Utah's weather through the remainder of this week will be a lot like Congress.

The forecast declares it will be hot, like the debate in the Capitol, with intermittent thunderstorms hinting at long-awaited relief, but like our lawmakers once more ending in sweltering deadlock.

The difference is we mere proletarians can't take extended breaks from our mid-summer misery. Along the Wasatch Front, that meteorological malaise means high temperatures on Thursday, like Wednesday, will be in the mid-90s, with blazing sunshine periodically interrupted by isolated thunderclaps and light showers.
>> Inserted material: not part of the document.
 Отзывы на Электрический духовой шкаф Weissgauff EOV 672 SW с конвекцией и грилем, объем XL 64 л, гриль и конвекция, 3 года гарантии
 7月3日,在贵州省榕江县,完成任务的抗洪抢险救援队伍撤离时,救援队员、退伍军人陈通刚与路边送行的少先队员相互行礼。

Friday will see highs in the upper-90s under mostly clear skies in the Salt Lake and Tooele valleys.

The same hot and occasionally wet cycles will alternate over southern Utah, where highs on Thursday will hover around 103, up a couple degrees from Wednesday's forecast. Both days will bring scattered, sometimes heavy showers, along with thunderclaps to Utah's Dixie.
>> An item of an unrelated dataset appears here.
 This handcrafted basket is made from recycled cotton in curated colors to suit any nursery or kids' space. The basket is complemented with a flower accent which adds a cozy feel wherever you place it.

Friday will sizzle at 106 degrees in St. George, and with moisture still in the air from the earlier storms it could be a hot, sticky end to the work week for the state's redrocks and high deserts.

The National Weather Service did not immediately issue a flash flooding advisory, but forecasters did say the potential for locally heavy rainfall triggering flooding in slot canyons and fire-damaged mountain slopes remained a concern in central and southern Utah.

Certainly it will be hot, occasionally humid statewide. That's enough to keep most of us inside air-conditioned shelter; here's another reason — air quality heading toward the weekend just plain sucks.

The Utah Division of Air Quality has declared Salt Lake, Davis, Utah, Weber, Box Elder and Tooele counties as being "unhealthy for sensitive groups," or in the "orange" category. The rest of the state is not much better, earning "yellow" grades for moderate levels of ozone and particulate pollution.

The Intermountain Allergy & Asthma website reported mold "high" and plantain at "moderate" on its pollen index as of Wednesday. Other allergens were either "low," or did not register.